Their Robinhood Gold subscription service, net interest income on margin lending and cash deposits, and some others. There are a few alternative ways they make money, but they’re smaller.
(Ryan) History: Founded in 2014 in Palo Alto by Baiju Bhatt and Vlad Tenev. The two were roommates at Stanford where Vlad studied mathematics and Baiju had degrees in physics and mathematics. But it looks like both of them knew how to write code, because once they graduated they moved to New York and sold trading software to hedge funds.

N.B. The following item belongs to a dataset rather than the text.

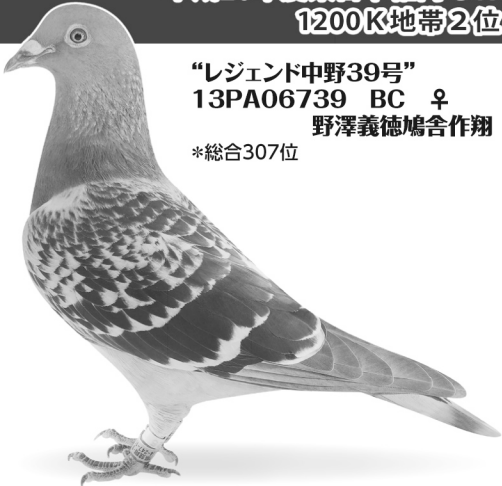
“レジェンド中野39号” 13PA06739 BC ♀ 野澤義徳鳩舎作翔 *総合307位

That’s where they realized that there was essentially this arbitrage opportunity and that commissions weren’t really necessary. So they moved back to the valley, where Robinhood is now headquartered and where they found their first $3 million seed round. They’ve had 11 total funding rounds, with the latest being more than a $3 billion convertible notes offering amidst the crisis last year since Robinhood needed to post collateral. That may have also encouraged the IPO since those lenders wanted to convert to stock.
Competitors include Vanguard, Charles Schwab/TD, Etrade, Coinbase, IBKR, other mobile-first trading apps
Retail investing assets are $50 trillion according to the S-1. How much of that is reasonable for Robinhood to obtain? I’m not sure
Crypto trading is hard to calculate, but Coinbase is doing $3 billion in sales (they have commissions though)
70% of Robinhood AUC is aged 18 to 40
68% of people aged 18 to 29 have no money invested in the market
(Ian) Management and Ownership:
Vlad Tenev (ten-iv) is the co-founder and CEO
The other co-founder (Baiju Bhatt) is the Chief Creative Officer
Both stanford graduates
Vlad had two other startups before Robinhood
Estimated that both founders own a combined 20% of the company
The design, roll-out and word of mouth marketing is impressive
Read an article that they would test features at Stanford with college students before implementing. Kind of reminiscent of Tinder and Bumble
What valuation do we think it is going out at?
In Q1 total net revenues was $522M, up 309% YoY
Negative ~$1.5B in GAAP net income in the first quarter due to the change in fair value of their convertible notes.
Largest opex is G&A, barely outpacing marketing
Net cumulative funded accounts of 18M, up 150% YoY
MAU’s was 17.7M, a little more than double year over year
$80.1B in assets under custody, which backs out net margin balances.
This puts the average account balance at just under $4,500
Now I hate this metric but they have an adj. EBITDA margin of about 22% if you exclude primarily the convertible notes fair value change.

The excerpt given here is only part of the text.